→ Your assignment:
Starting at the line that contains "Melitta Kit de", output each line exactly as written through the end of the listing below, but leave out the pictures.

──────── Exercise data ────────

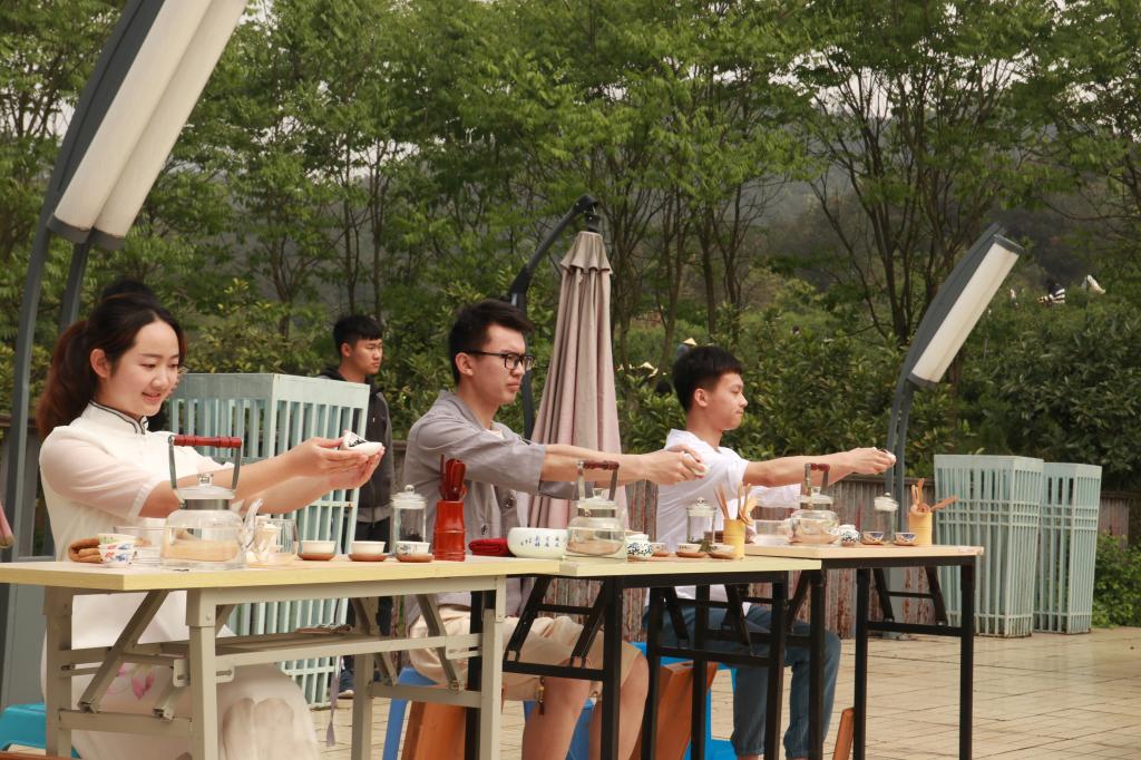 此次师生茶文化节由“陌上采芳”师生采茶大赛,“焙荼芼香”炒茶观摩活动,“茶想衣裳”茶服秀,“曲水泛花”公益茶会等四部分组成。全校200余名师生参加活动。
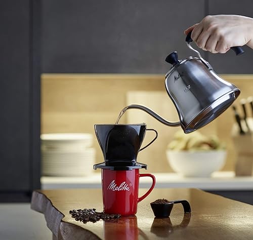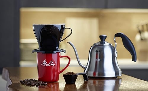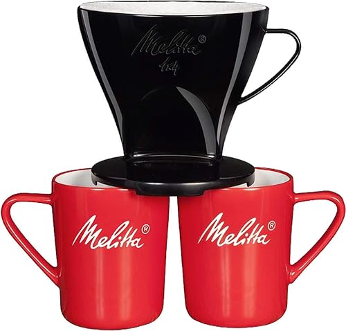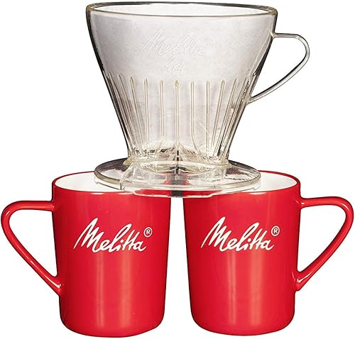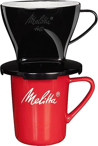 Melitta Kit de Filtration Manuelle, 1 Porte-filtre de Taille 1x2, 1 Mug en Porcelaine (290 ml), 5 Filtres à Café 1x2, Pour Over, Transparent
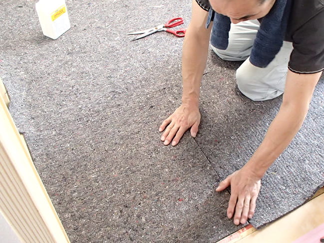 カーペットを隙間なくピッタリと敷くのにも、職人さんの技が光ります。
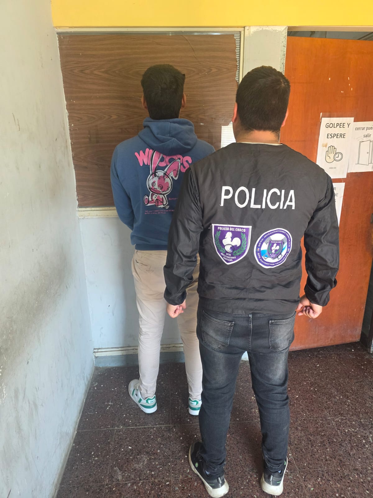 En el lugar fue aprehendido Santiago Samuel Caballero, de 20 años, domiciliado en Av. Gaboto 1700 de Barranqueras. Durante el procedimiento se constató que pesaba sobre él un pedido de detención vigente, vinculado a una causa por abuso de arma (Expediente N°16692/2025-1), con intervención de la Fiscalía de Investigación Penal N°10, a cargo de la doctora Lilian Beatriz Irala.

────────

→ Reply:
 Melitta Kit de Filtration Manuelle, 1 Porte-filtre de Taille 1x2, 1 Mug en Porcelaine (290 ml), 5 Filtres à Café 1x2, Pour Over, Transparent
 カーペットを隙間なくピッタリと敷くのにも、職人さんの技が光ります。
 En el lugar fue aprehendido Santiago Samuel Caballero, de 20 años, domiciliado en Av. Gaboto 1700 de Barranqueras. Durante el procedimiento se constató que pesaba sobre él un pedido de detención vigente, vinculado a una causa por abuso de arma (Expediente N°16692/2025-1), con intervención de la Fiscalía de Investigación Penal N°10, a cargo de la doctora Lilian Beatriz Irala.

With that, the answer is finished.